### WHAT YOU NEED TO DO
In the entries below, repeat only the lines between those holding "PZN: 03652312 Symbicort" and "Arbeitsfläche aus Trend R-Platten", inclusive. Leave pictures out.

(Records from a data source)
[Start of Attachment]

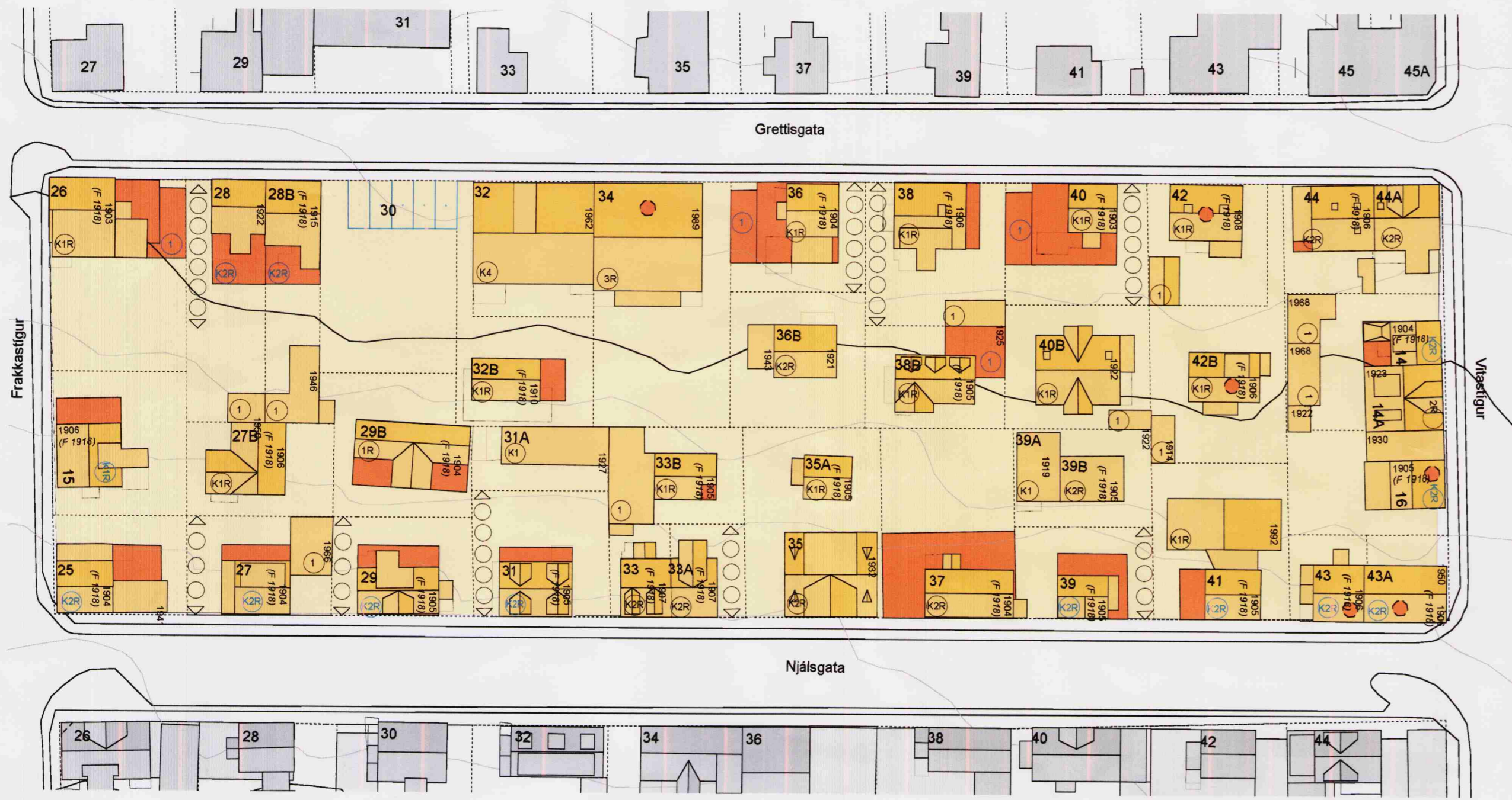
Gildandi deiliskipulag, samþ. í borgarráði 14. júní 2007 Mkv. 1:500
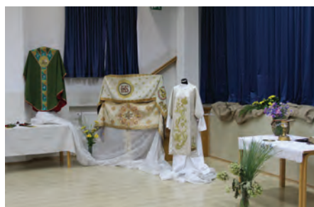
V kulturni dvorani sta bili na ogled razstavi mašnih plaščev in zapisov iz župnijske kronike ter podpisov naših dedkov izpred več kot sto let
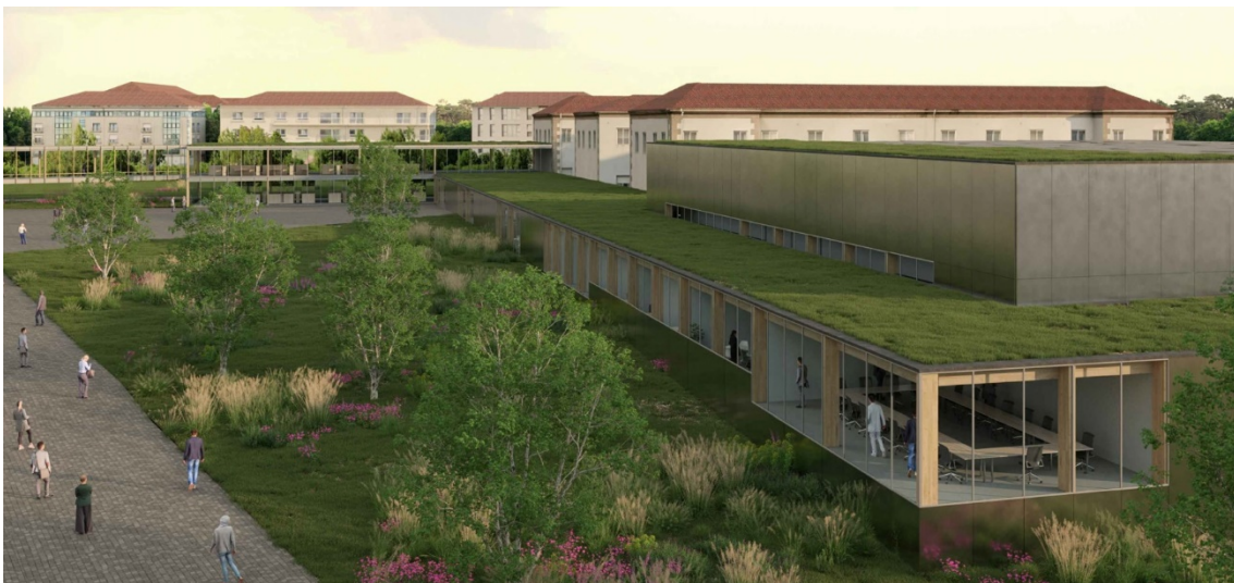
Infografía do centro de protonterapia

A diferenza da radiación de fotóns tradicional, que usa raios X para atacar o tumor, pero que aplica radiación en tecido san, a terapia de protóns é un tratamento que dirixe protóns cargados positivamente ao tumor, onde depositan a maior parte da dose de radiación. Con esta terapia, a radiación residual é mínima, o que reduce potencialmente os efectos secundarios e o dano ao tecido circundante.
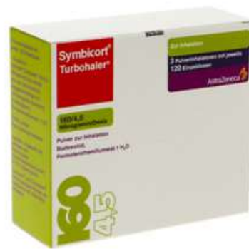
PZN: 03652312 Symbicort Turbhaler 160/4.5 mcg 120x3 Dosis
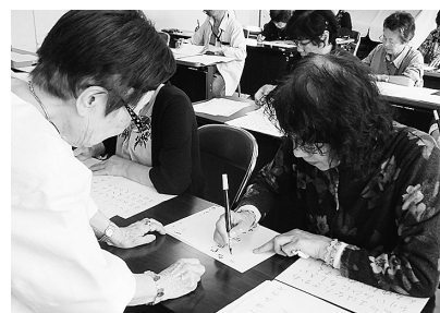
丁寧に練習しています
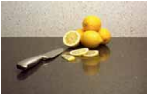
Arbeitsfläche aus Trend R-Platten

Der Natursteinlieferant Johann & Backes bietet in Zusammenarbeit mit der Sopro-Bauchemie am 24. August eine Verleges Schulung für Händler, Verleger und Architekten an. Ergänzt wird die Veranstaltung durch eine Besichtigung des Lager- und Grubengeländes, des neuen Ausstellungsmoduls und einer ehemaligen Untertage-Dachschiefergrube. Die Schulung findet von 8 Uhr bis 16 Uhr auf dem Werksgelände in Bundenbach statt.

[End of Attachment]

### OUTPUT FOR THIS EXERCISE
PZN: 03652312 Symbicort Turbhaler 160/4.5 mcg 120x3 Dosis
丁寧に練習しています
Arbeitsfläche aus Trend R-Platten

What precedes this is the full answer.